The first is about the iron ore supply and demand situation. In fact, the current demand growth has exceeded the growth of supply. From January to July this year, the total steel output of 64 major steel producing countries and regions in the world was 887 million tons, an increase of 8.3%. In July, the crude steel output of 64 major steel producing countries and regions in the world was 127.477 million tons, up 11.5% year-on-year and 0.7% month-on-month. In July, global crude steel production was in a state of sharp decline. Domestic crude steel output in July was 59.3 million tons, up 15.5% year-on-year and down 1.1% from the previous month. From January to July this year, the domestic iron ore raw ore output reached 691.918 million tons, an increase of 21.9%; the imported iron ore volume reached 386.63 million tons, an increase of 16.27%.

At present, the demand situation has already driven the supply. When the supply cannot keep up with the demand, the iron ore price is bound to rise, and the mine will raise the price. When demand continues to grow and supply is stable or non-growth, supply and demand stability will be lost. Therefore, the current demand situation is greater than the supply situation.

The second is about the impact of the macroeconomic situation on the steel market, mainly from the industrial value added, inflation and real estate investment.

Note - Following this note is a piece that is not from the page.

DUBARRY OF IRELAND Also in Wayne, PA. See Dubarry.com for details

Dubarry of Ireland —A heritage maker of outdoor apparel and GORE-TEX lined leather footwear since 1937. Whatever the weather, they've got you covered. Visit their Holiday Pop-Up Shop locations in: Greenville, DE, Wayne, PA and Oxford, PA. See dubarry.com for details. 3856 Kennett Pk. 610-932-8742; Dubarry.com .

First, analysis from the perspective of industrial added value. In July 2011, China's industrial added value increased by 14% year-on-year, down 1.1% from the previous month, and the growth rate has dropped. The main factors causing the decline in industrial added value are the implementation of policies such as summer electricity curtailment and energy conservation and emission reduction. With the gradual implementation of energy conservation and emission reduction policies, it will affect the production of some heavy industries, which may once again lead to a decline in industrial added value. As industrial added value continues to fall, the slowdown in downstream industry demand will certainly curb the rise in domestic steel prices. While steel prices are on the rise, domestic iron ore prices are unlikely to rise. However, it is worth noting that in the second half of this year, the elimination of backward production capacity has been continuously increased, which may lead to certain support for steel prices.

Second, analyze from the perspective of inflation. Due to the recent US debt problem, the Fed's policy has become the focus of global market attention. If the Fed launches the QE3 policy, it will inevitably lead to the depreciation of the US dollar and the rise of international raw material prices, then China will face inflationary pressure. Judging from the economic data released by the National Bureau of Statistics in July, China's CPI increased by 6.5% year-on-year, setting a new high for the year. Food prices increased by 14.8% year-on-year, and non-food prices increased by 2.9% year-on-year. If inflation continues to rise, it will lead to a decline in domestic domestic demand growth, which is not conducive to further increase in steel market prices. In addition, assuming that the Federal Reserve launches QE3, domestic inflation will continue to deteriorate, then the country will tighten monetary policy, making trade companies tight. As a result, steel prices have fallen, and the decline in steel prices will affect the iron ore market.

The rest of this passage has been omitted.